Your report should also contain instructions on how to access your full implementation (that is, your code, data, and any other supplemental resources like additional charts or tables). The simplest way to do so is to include a link to the box folder, GitLab repo (if you use GitHub wish to keep the repo private add Prof. Stephens-Martinez (username: ksteph) and your mentor to the repo), or whatever other platforms your group is using to house your data and code.

Part 4: Limitations and Future Work

In this part, you should discuss any important limitations or caveats to your results with respect to answering your research questions. For example, if you don’t have as much data as you would like or are unable to fairly evaluate the performance of a predictive model, explain and contextualize those limitations.

Finally, provide a brief discussion of future work. This could explain how future research might address the limitations you outline, or it could pose additional follow-up research questions based on your results so far. In short, explain how an informed reader (such as a peer in the class) could improve on and extend your results.

Part 5: Conclusion

Provide a brief (one or two paragraphs) summary of your results. This summary of results should address your research questions. For example, if one of your research questions was “Did COVID-19 result in bankruptcy in North Carolina during 2020?” then a possible (and purely hypothetical) summary of results might be “We aggregate the public records disclosures of small businesses in North Carolina from January 2019 to December 2020 and find substantial evidence that COVID-19 did result in a moderate increase in bankruptcy during 2020. This increase is not geographically uniform and is concentrated during summer and fall 2020. We also examined the impact of federal stimulus but cannot provide an evaluation of its impact from the available data.”

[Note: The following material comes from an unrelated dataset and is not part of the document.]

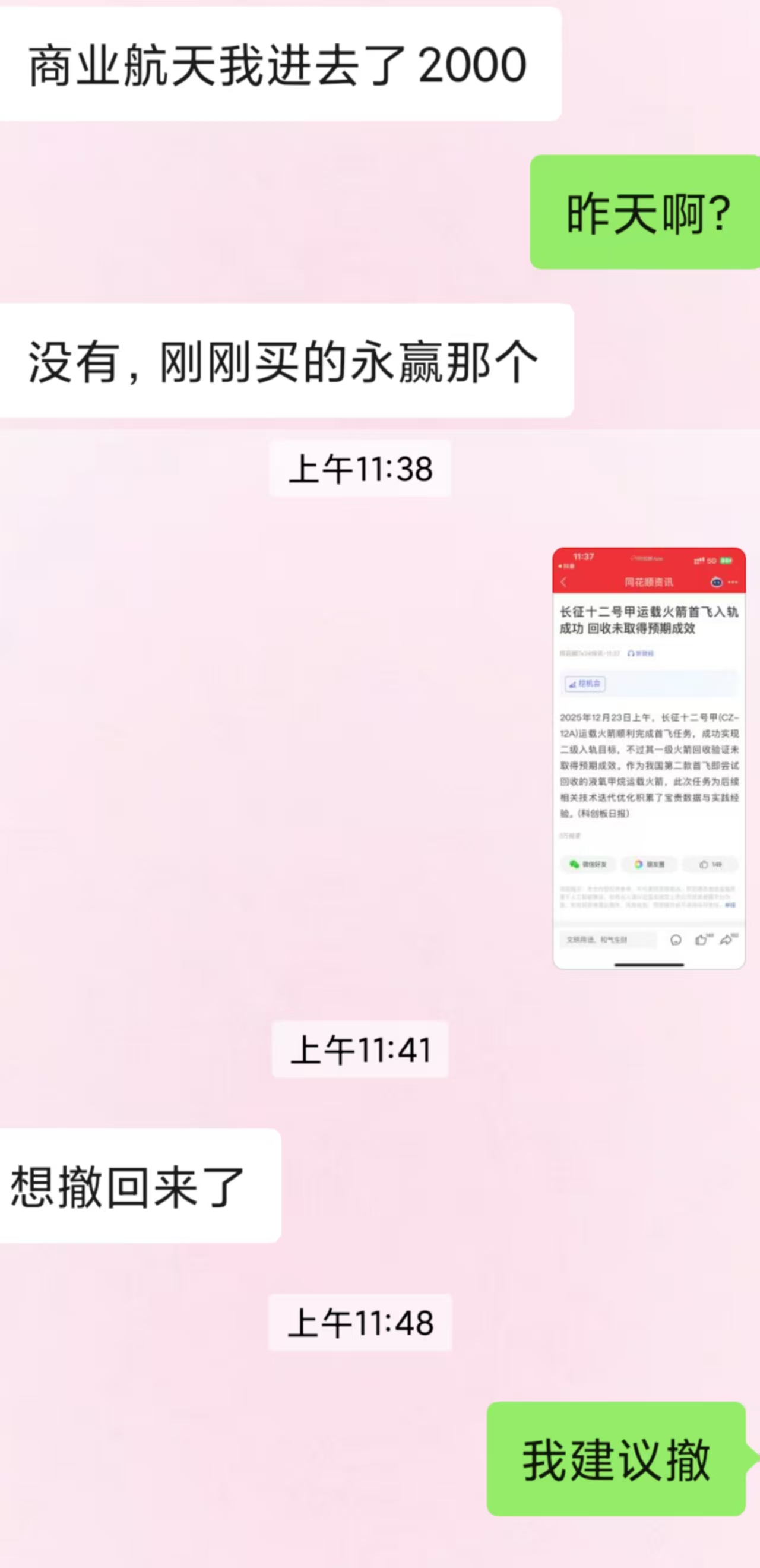 最后聊聊今天崩了的商业航天!板块大幅退潮,说到底还是火箭回收失利的黑天鹅砸盘!但咱得看长远——中国商业航天正处在高速发展期,以前这板块就是炒个发射消息的昙花一现题材,现在马斯克把逻辑彻底打通了:SpaceX要把太空发射成本干到700元/公斤,终极目标是把咱们的CPO光模块、芯片送上天,建太空数据中心!这可是大国必争的赛道!今天有朋友想抄底,兜兜直接劝退——前期涨太多,现在刚拐头,资金承接力还不明朗,风险太大!真想布局,等后续企稳再逐步低吸!

(Optional) Part 6: Appendix of additional figures and tables

If you are struggling to keep your report within the 5-7 page limit, you may move some of your figures and tables to an optional appendix that will not count against your page limit. However, your report should stand on its own without the appendix. The appendix is for adding more nuance to your results, not to give you more space to talk about your results. Succinctness is an important skill to practice when doing data science.

Grading Rubric

Final reports will be evaluated on the following criterion-based rubric. Reports satisfying all criteria will receive full credit.

  1. Submits a relevant document satisfying general requirements – If you submit a report that is over the page limit (not counting the appendix), you will lose points.
  2. Includes a brief introduction to the topic of interest
  3. Poses one or more concrete research questions
  4. Provides a reasonable justification that research questions are relevant
  5. Includes a discussion of concrete/specific data sources
  6. Provides results in the form of analysis, tables, visualization, etc.
  7. Final tables and visualizations are properly labeled and legible
  8. Results provide reasonable answers to research questions and interpretation is provided in the text. Some results may be negative or incomplete (with discussion) but should provide some concrete evidence toward answers to research questions.
  9. Results and methods demonstrate substantial effort and progress over the course of the project
  10. Methods used to obtain results are described in sufficient detail to understand and interpret results
  11. Methods used are generally appropriate and do not contain significant methodological errors
  12. Provides a link/reference to additional materials (e.g., code and data stored in Box or GitLab)
  13. Provides a reasonable discussion of any limitations to the results
  14. Provides a reasonable discussion of future work and how the results could be extended
  15. Provides a conclusion
  16. Final writeup is edited and polished. Can have one or two typos or grammatical errors, but the document is sufficiently edited as to not distract or confuse the reader.